To do: Repeat exactly the stretch of lines that starts with the one containing "Continue lendoVer solução" and ends with the last line of the material. Leave out pictures.

Stored data:
━━━━━━━━━━━━━━━━━━━━━━━━━━━━━━

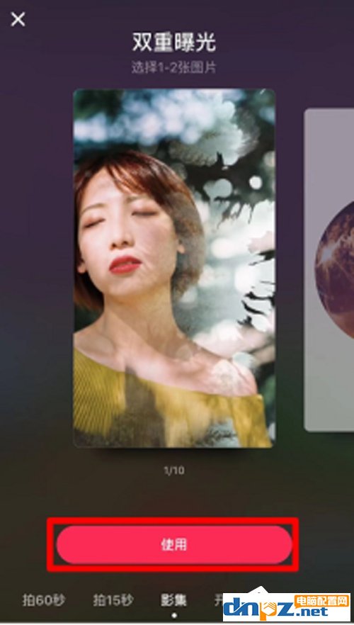 成功打開了“影集”的之后,我們就可以找到“雙重曝光”的特效模板,并且點擊進入其中,導入視頻素材進行編輯。
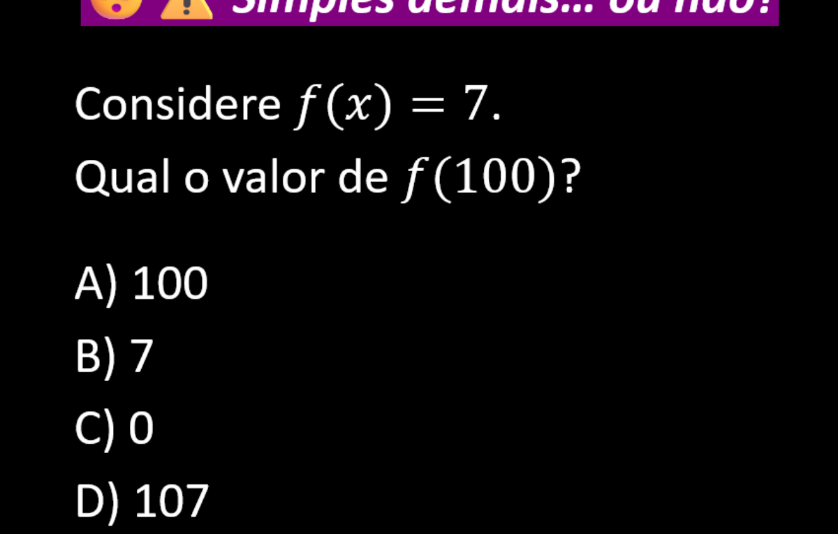 Continue lendoVer solução 1 – Entendendo a função: f(x) = 7 2 – Conceito chave: Essa é uma função constante, ou
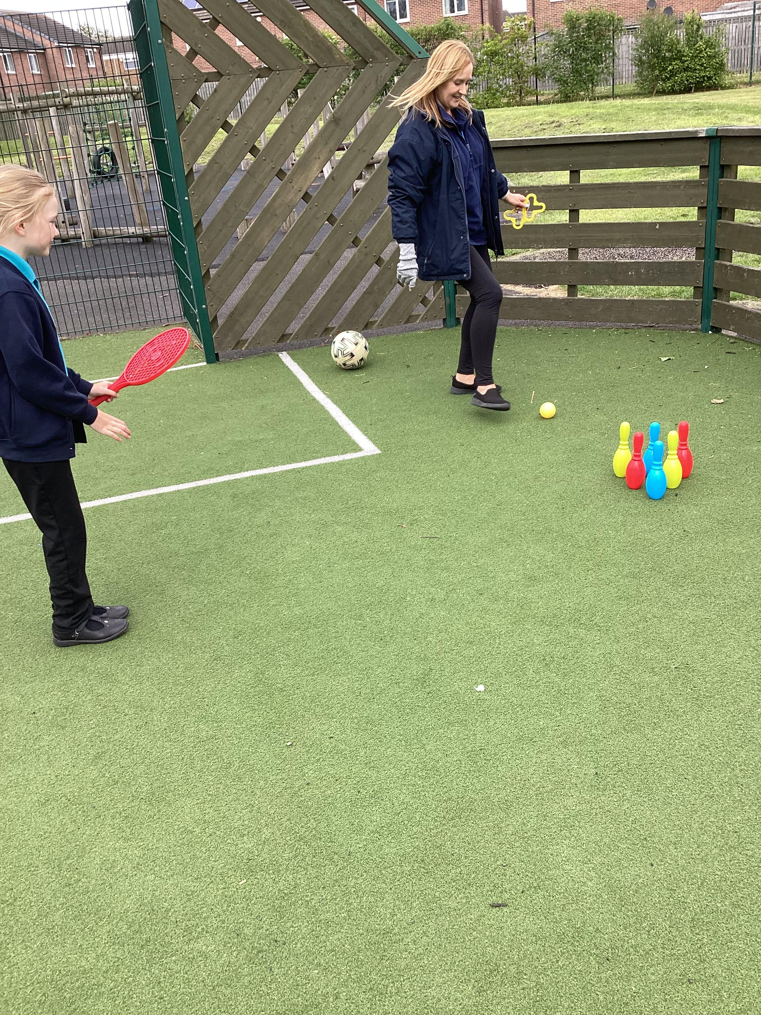 14.5.25- Physical Development- Llamas had fun taking part in outdoor physical activities. We completed the daily mile and then enjoyed turn taking games with the bats and balls.

━━━━━━━━━━━━━━━━━━━━━━━━━━━━━━

Answer:
 Continue lendoVer solução 1 – Entendendo a função: f(x) = 7 2 – Conceito chave: Essa é uma função constante, ou
 14.5.25- Physical Development- Llamas had fun taking part in outdoor physical activities. We completed the daily mile and then enjoyed turn taking games with the bats and balls.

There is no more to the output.